Friday, July 4, 2008

Nothing to Lose


So if the Son sets you free, you will be free indeed.

                                                            John 8.36

Freedom

In “Me and Bobby McGee” Janis Joplin sang, “Freedom’s just another word for nothing left to lose.”  When the record was released in 1971, the lyric caught the cynicism and despair of a nation violently conflicted about freedom.  Nearly every minority declared its freedom from the straight white male establishment.  Without equal protection under the law, these groups had nothing to lose.  In a sense, that made them free to begin with.  What they really wanted, then, was the right to express and exercise their freedom.

Personality and Being

When we come to Christ, we likewise have nothing to lose.  Everything we accumulate over the years—attitudes, values, habits, learning, and ambitions—is useless to Him. They’re behaviors and knowledge we acquire as survival strategies. They’re the stuff of personality, the image we sculpt to please others and us. 
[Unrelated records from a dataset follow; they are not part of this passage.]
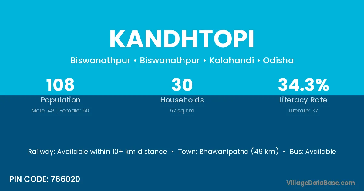 Bhawanipatna (49 km) is the nearest town to Kandhtopi village for major economic activities and is located approximately 49 km away.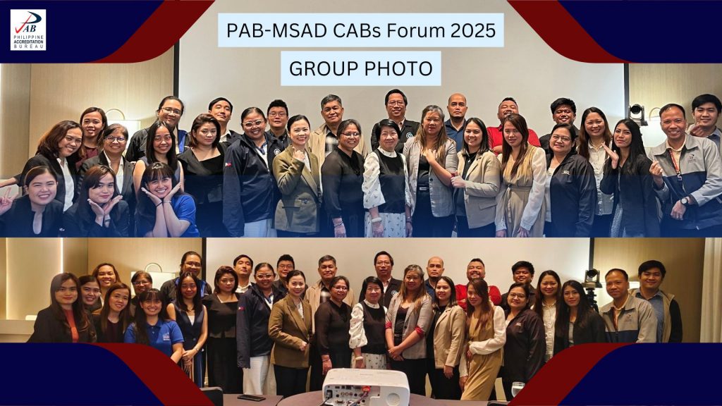 The Philippine Accreditation Bureau-Management System Accreditation Division (PAB-MSAD) successfully conducted its annual Conformity Assessment Bodies (CABs) Forum on 20 March 2025. The event, held at Citadines Roces Hotel in Quezon City, served as a platform for insightful discussions, sharing of best practices, and exploring collaborative opportunities among CABs, aligning with evolving standards and accreditation processes.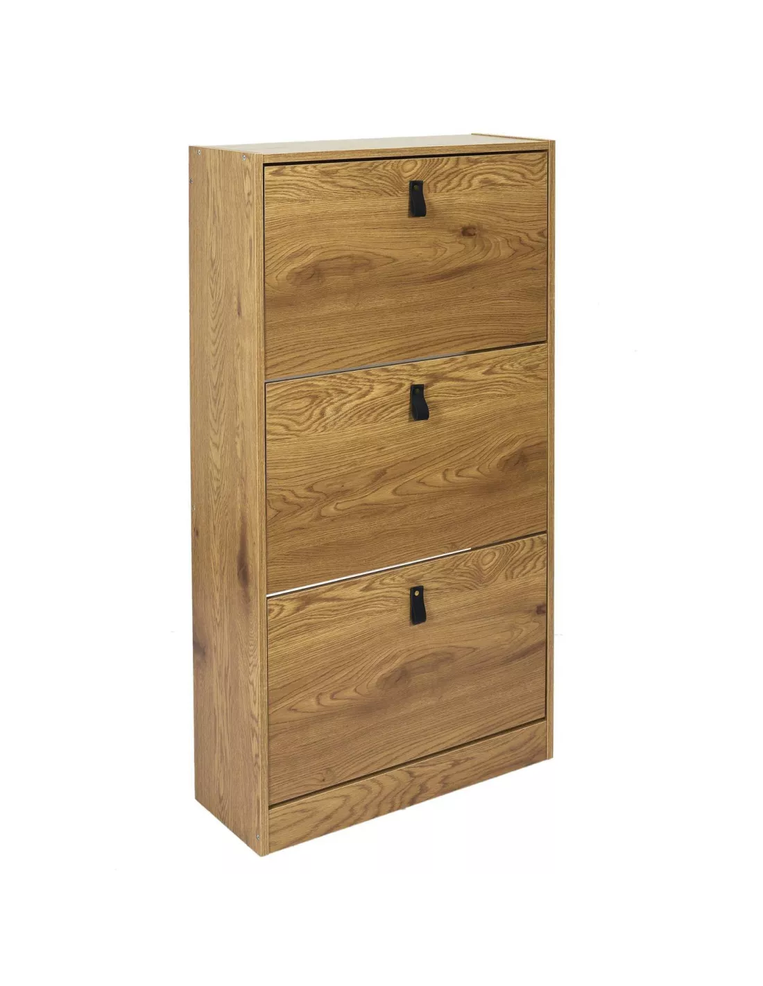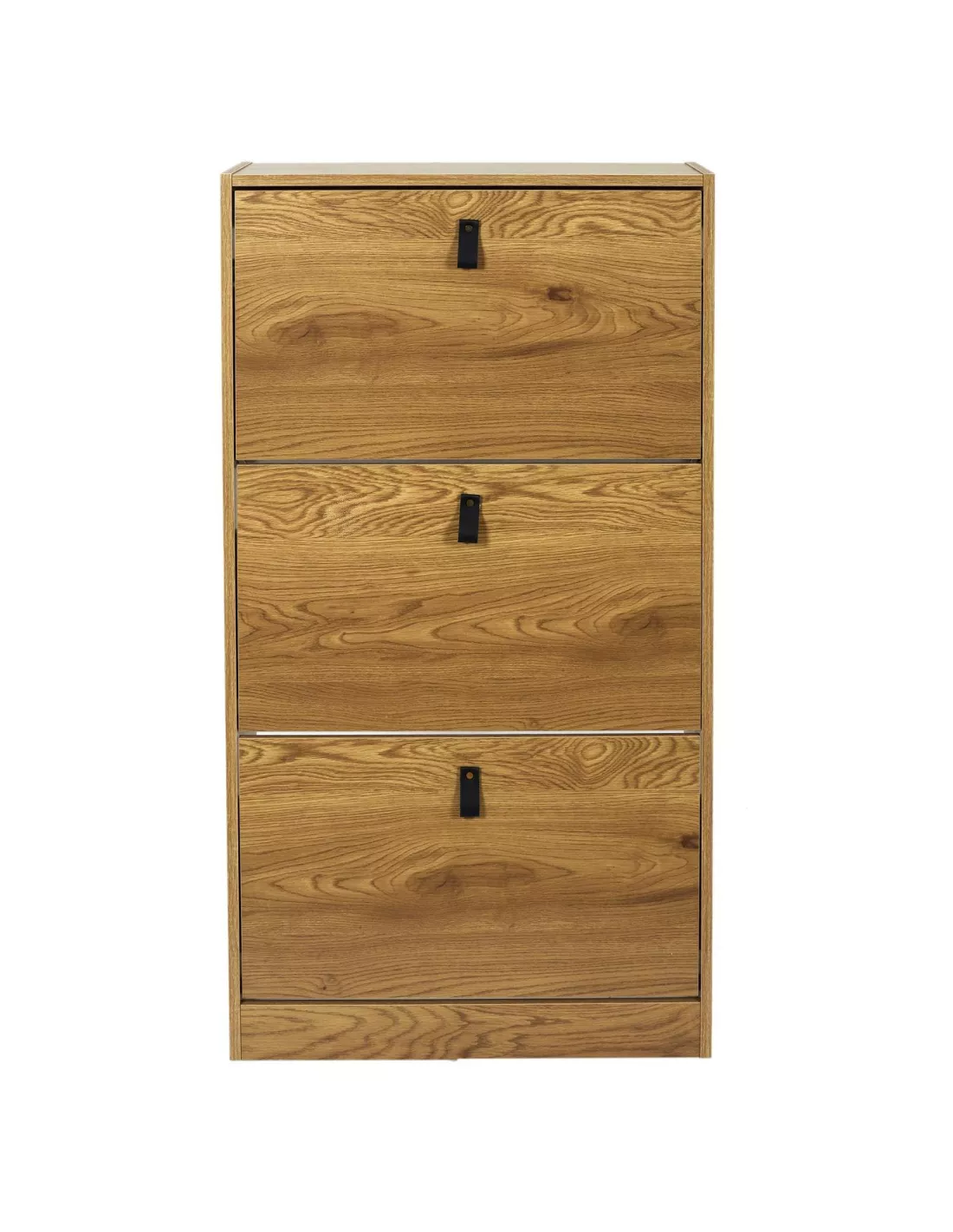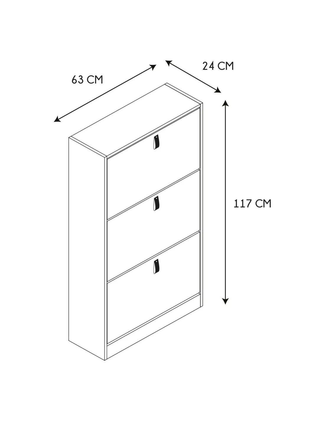Szafka na buty Abbott to świetna propozycja do każdego przedpokoju. Szafka wyposażona w trzy dwurzędowe kosze na obuwie, które z powodzeniem pomieszczą 20 par butów. Mebel posiada wykończenie ABS, wykonany jest z płyty odpornej na ścieranie MDF - dzięki czemu będziesz się nim cieszyć przez bardzo długi czas. Szafka do przedpokoju wyposażona w 3 uchylne fronty z pięknymi skórzanymi uchwytami. Szafka jest bardzo wąska - 24 cm - idealnie sprawdzi się zatem w niewielkich, ciasnych przedpokojach.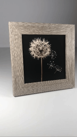 Single Dandelion 6"x6" print embellished with crystals and framed as pictured, overall size is 8"x8". Items are made to order and may take 4-6 weeks for delivery.

In contrast, who we are—our being—is solely comprised of what we brought with us into the world: gender, ethnicity, and sexual orientation.  This is what God made and intended us to be for His pleasure. They’re permanently placed in us to reflect the image and likeness of the eternal God.  We follow Jesus to cast off the flawed armor of personality and fulfill our beings’ potential to express God’s perfection.

Hebrews counsels us to shed our personality instincts and follow Christ.

Therefore, since we are surrounded by such a great cloud of witnesses, let us throw off everything that hinders and the sin that so easily entangles, and let us run with perseverance the race marked out for us.  (Hebrews 12.1)

All those personal aspects we think are essential to our survival hinder us.  They burden us with fear, doubt, and self-reliance, none of which fits a life governed by love, faith, and obedience to God. 

Let It Go

It all has to go, including anxieties about anyone’s approval.  On this, Jesus could not have been more candid:

If anyone comes to me and does not hate his father and mother, his wife and children, his brothers and sisters—yes, even his own life—he cannot be my disciple.  (Luke 14.26)

We can’t follow Him if we insist on dragging along our personality-driven desire to please everybody else.  Not everybody will be happy about or agree with our commitment to Christ.  Sometimes our greatest opposition will arise from those closest to us. These people should always remain important to us, but their viewpoints and pleasing them should not.  As followers of Jesus, only what He says counts and His pleasure with us is all that matters.

With nothing to lose, we have everything to gain, including the right to express our freedom in Christ.  That’s why Jesus demands our total commitment from the start.  When we let go of everything we rely on, we can focus all of our energy on perfecting our resemblance to our Creator.  Christ sacrificed His life to purchase our freedom.  The instant we realize what this really means, we’ll indeed be free.